そしてその後、久しぶりにこの「東京画」を鑑賞。
あれ〜?この映画ブログで紹介してなかったっけ。何回か観たんですけどね。
おそらく15年ぶりくらいなのですが、今回は妙に新鮮に感じました。何が新鮮かというと、この映画を「懐かしく」感じたということなのです。なんとなくパラドックスですよね。懐かしさが新鮮って。
なるほど、令和の時代になり、いよいよ昭和は本格的に「作品」になりつつあるのかなと。
ヴィム・ヴェンダースが訪れたのは、1983年(昭和58年)の東京。
その年、東京の大学生活をする気満々だった私は、運命的に東京にフラれ、山梨の山奥の大学に島流しになりました。まさに運命の分岐点、今思えば東京にフラれて本当に良かった。
そういう意味もあるのでしょうか。ヴェンダースが記録した「東京」には、もう未練も憧れもなく、ただの「浮世」にしか見えません。それこそが「懐かしさ」なのです。そう、懐かしさとは、自分とのある一定の距離を前提とした感傷なのでした。
手が届かないという諦念。手元にあるものはニセモノ。それ自身にはもう会えない。それが懐かしさ。
もちろん、登場する街並みだけでなく、笠智衆も厚田雄春もとっくにこの世のものではなくなってしまいました。私たちが見ることができる彼らや風景はニセモノです。ニセモノの虚しさ、悲しさ。
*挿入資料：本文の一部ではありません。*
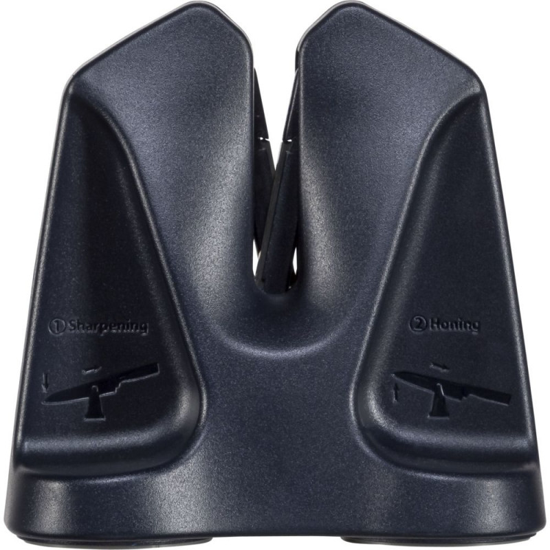 The compact knife sharpener from the French manufacturer Opinel is an easy-to-use tool for sharpening pocket knives or kitchen knives. The angle of the carbide plates of the knife sharpener is self-adjusting, this allows sharpening as well as pulling off the blade to achieve an ideal sharpening. Due to its small size, the Opinel knife sharpener is also ideal for travelling.
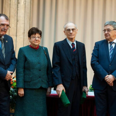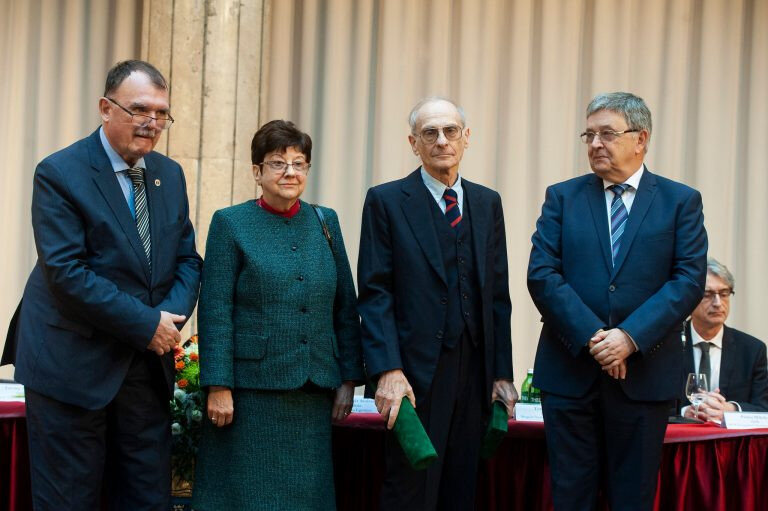 Címlapkép: Vértesi Péter (jobbról a második) a kiemelkedő tudományos életművének elismeréséért átveszi a Magyar Tudományos Akadémia Eötvös József-koszorúját
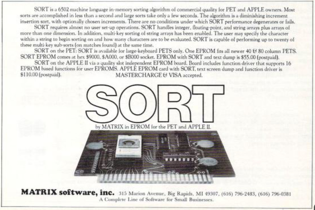 SORT algorithm on EPROM for Apple and Commodore Pet

実はそれこそが、戦後の小津安二郎の描こうとしたモノなのかもしれませんね。
過去は永遠に手にすることはできませんから、だからこそ今も未来も永遠なのです。そうした禅的とも言える世界の真理。そう、この世の真理はただ一つ、全ては去りゆく。全てのモノは変化していくということが、唯一の変化しないコトなのでした。
そういう意味で、このヴィム・ヴェンダースの作品もまた、時という演出を得て、小津作品に並ぶ「懐かしさ」の境地に達したとも言えそうです。